After graduation, Pipher lived in Europe for a while and then got a full scholarship for a doctorate in psychology at the University of Nebraska.
She met her husband, Jim, a psychologist and musician, while in graduate school, and they settled down in Lincoln. Pipher worked part time as a therapist while raising their two children.
A changing world
Her studies of cultural anthropology inform all that Pipher does. “I’m really interested in how the culture affects mental health,” she said. “Now that’s an anthropology question, not a psychology question. And I’m also really interested in how the world has changed.
“A lot of my relatives were farm families, and that has just disappeared in my lifetime. Most writers won’t give in to the question of how the world has changed because it’s way too complicated. Whatever you say about it, somebody can argue with you. You can be accused of being nostalgic and this and that, but the fact of the matter is: If you’re brave enough to talk about it, (you find) that everybody is interested in this question.”
Pipher argues that while life in the 1930s was hardly idyllic, families like that of her grandparents knew what the enemy was — tornadoes, droughts, locusts and blizzards. In contrast, today’s families are more prosperous but more stressed out; sometimes they blame each other for what’s going wrong.
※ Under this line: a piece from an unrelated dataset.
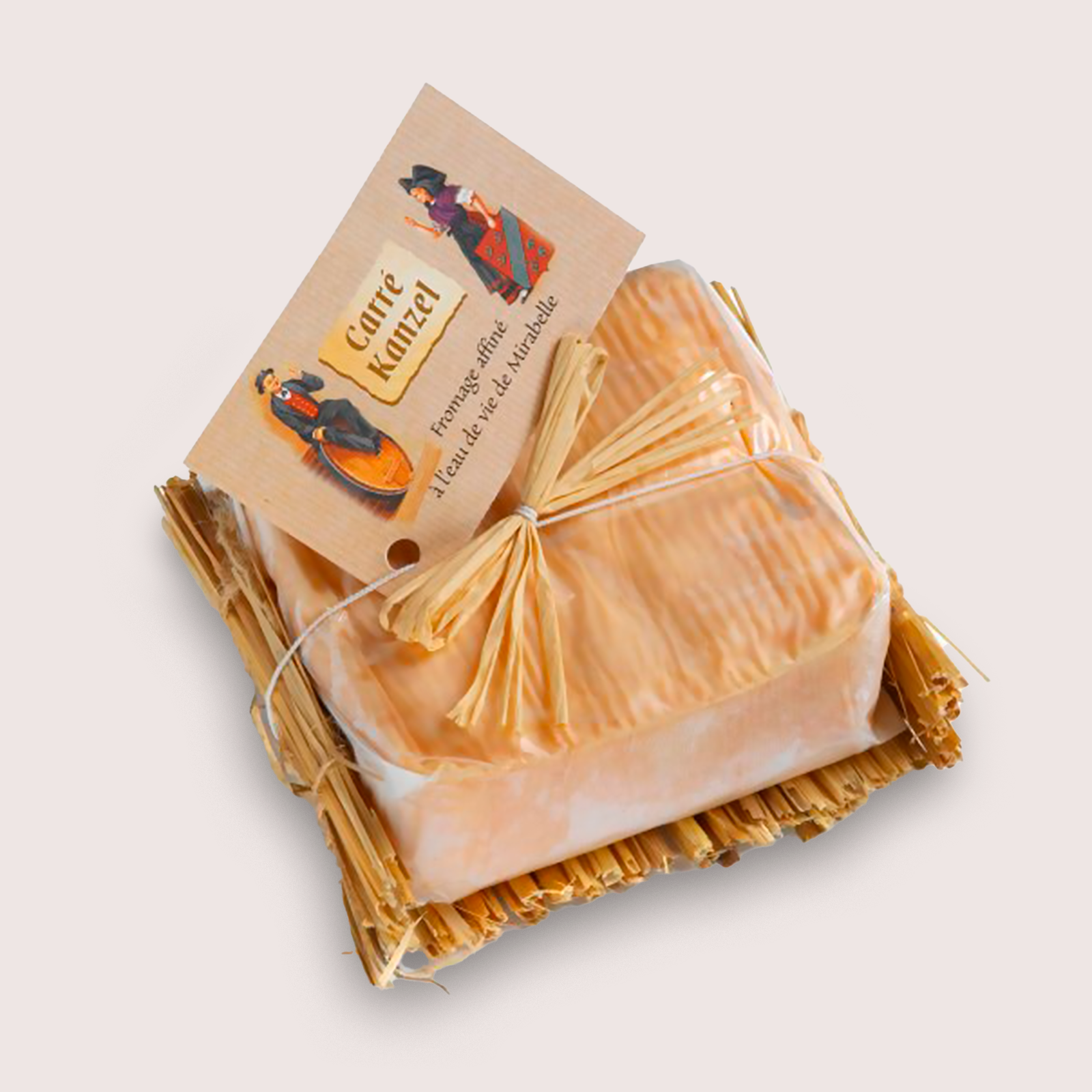 Le Carré Kanzel affiné à l'eau de vie est un fromage au lait de vache à pâte molle et à croûte lavée. Cette spécialité fromagère carrée est affinée dans les caves de la Maison Fisher, pendant environ 15 jours. Le carré est régulièrement frotté à l'aide d'eau-de-vie de mirabelle qui adoucit le fromage.

The influence of pop psychology is so pervasive that Pipher says clients sometimes tell her they come from “a dysfunctional family” or worry that they’re “co-dependent.”
She’s critical of her own field for its emphasis on pathology, encouragement of narcissism and failure to promote basic morality and accountability.
Consequently, as a therapist, Pipher eschews negative labels and diagnoses. She may not even talk about the past, preferring to identify areas in which a family is strong and to help find solutions to problems.
She often gives suggestions to teenagers and families aimed at restoring family rituals and reconnecting with nature, such as watching a sunset, taking a camping trip together and turning off the television and computer for a few nights a week.
“It is really important to make conscious choices about what you consume from the broader culture,” she said. “If you just let this culture happen to you, you end up broke, fat, addicted and stressed.”